When people say that there are 'memory unsafe languages', this API (malloc and free) amounts to most of the validity of what they mean, and even if you don't accept Rust's memory safety, you can pick a better way to manage memory than this. If you've no idea what I'm talking about please read https://www.rfleury.com/p/untangling-lifetimes-the-arena-allocator immediately.

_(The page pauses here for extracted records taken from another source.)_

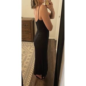 I’m in love with this dress. The pictures on the hanger don’t do it justice so I hope the real life pics help! Vintage spaghetti strap dress from Jessica McClintock with beautiful, small rhinestones across the neckline. Zips in the back. It is really effortless and so comfy to wear. The tag says 9/10, and the typical rule of thumb is to subtract 4 from vintage sizing, give or take. For reference, I am 5’2 and 130 lbs! The dress will show more heel/leg on a taller woman. :)
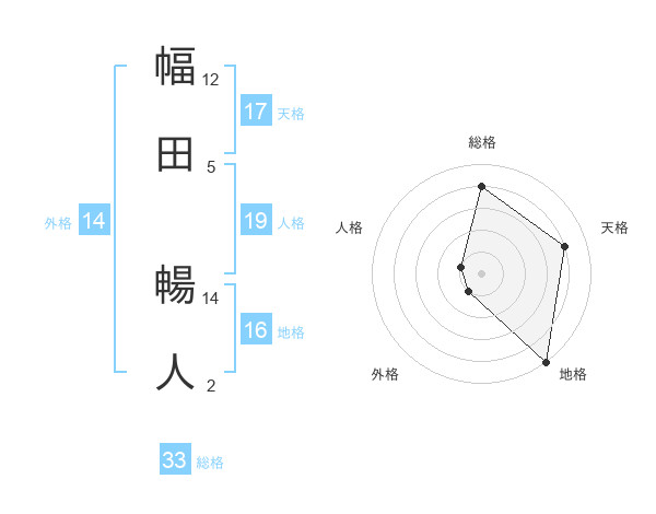 幅田 暢人さんの天格は17画の4点!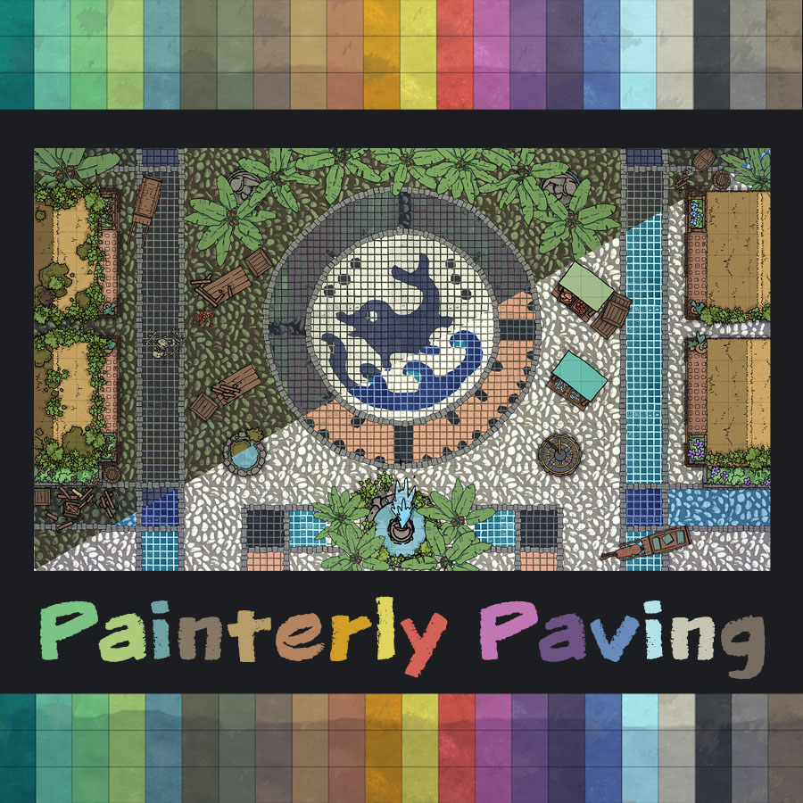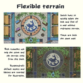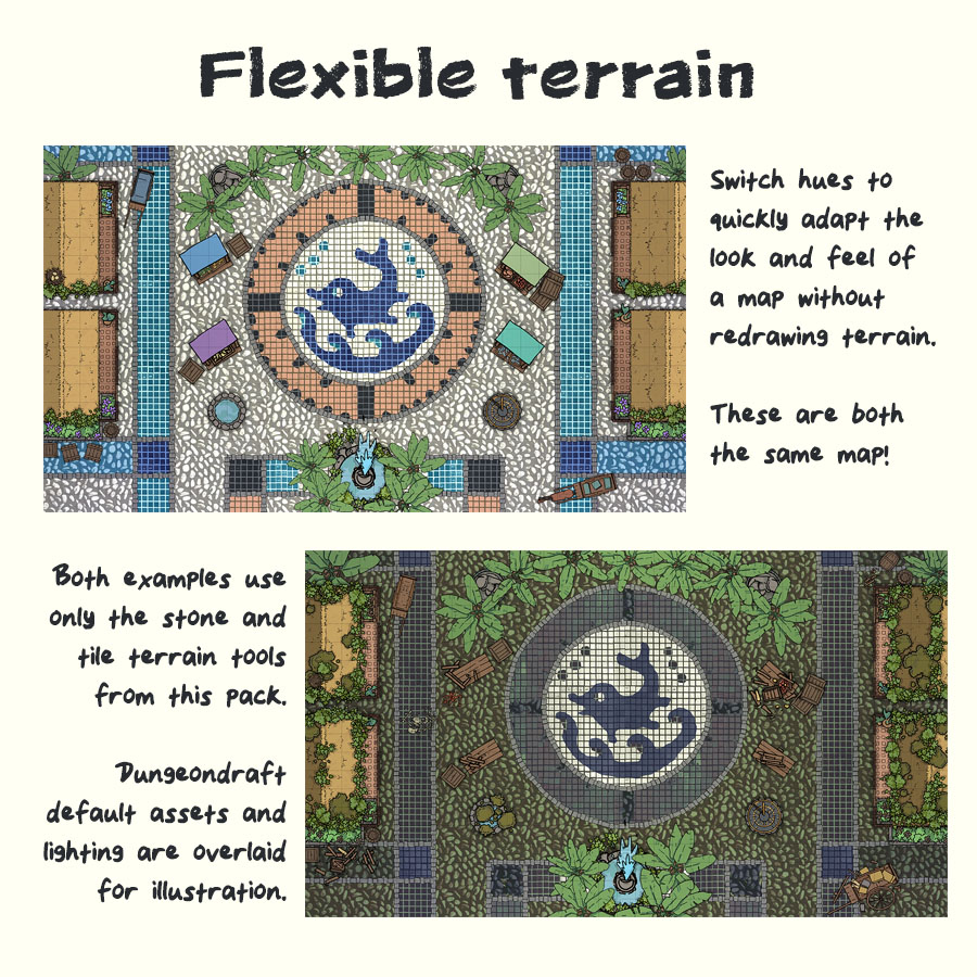 Simple stone and tile terrain for Dungeondraft. Each texture comes in 66 shades (light, mid and dark across 22 hues), designed to blend naturally for a painterly look.

Anyway, consider the following program:

package main

import "core:fmt"

// A list is nil or a pointer to one of these.
Cons :: struct($T: typeid) {
	car: T,
	cdr: ^Cons(T),
}

cons :: proc(car: $T, cdr: ^Cons(T)) -> (result: ^Cons(T)) {
	result = new(Cons(T))
	if result == nil {
		fmt.panicf("memory exhausted in cons")
	}
	result.car = car
	result.cdr = cdr
	return
}

// Free every cell of the provided list.
free_list :: proc(list: ^Cons($T)) {
	list := list
	for list != nil {
		next := list.cdr
		free(list)
		list = next
	}
}

// Print e.g. [1, 2, 3, 4] given a list of those values
println :: proc(list: ^Cons($T)) {
	list := list
	fmt.print('[')
	for list != nil {
		fmt.print(list.car)
		if list.cdr != nil {
			fmt.print(", ")
		}
		list = list.cdr
	}
	fmt.println(']')
}

// Return the last element of a list, if it exists.
last :: proc(list: ^Cons($T)) -> Maybe(T) {
	list := list
	for list != nil {
		switch list.cdr {
		case nil:
			return list.car
		case:
			list = list.cdr
		}
	}
	return nil
}

// Build e.g. the list [1, 2, 3, 4], given 4
iota :: proc(n: int) -> (result: ^Cons(int)) {
	n := n
	for n > 0 {
		result = cons(n, result)
		n -= 1
	}
	return
}

main :: proc() {
	list := cons(1, cons(2, cons(3, nil)))
	fmt.println(last(list).? or_else -1)
	free_list(list)

	list = iota(5)
	println(list)
	free_list(list)
}

Compared to lists/stack-allocated this might seem to have a new problem--that failure is possible, with a panic in cons, but failure was already possible with stack allocations! There, it was just pretty sure to result in a stack overflow and segfault. On modern Linux systems with overcommit the practical 'failure condition' is murky even with that nice panic, as new can claim to succeed when memory isn't actually available, and the Linux OOM killer can start making life unpleasant while this program allocates unimpeded. On a server with extremely heavy I/O that almost always hits filesystem cache, nightmarish conditions are possible even without the OOM killer kicking in as memory pressure reduces the cache and that I/O starts hitting slow disks.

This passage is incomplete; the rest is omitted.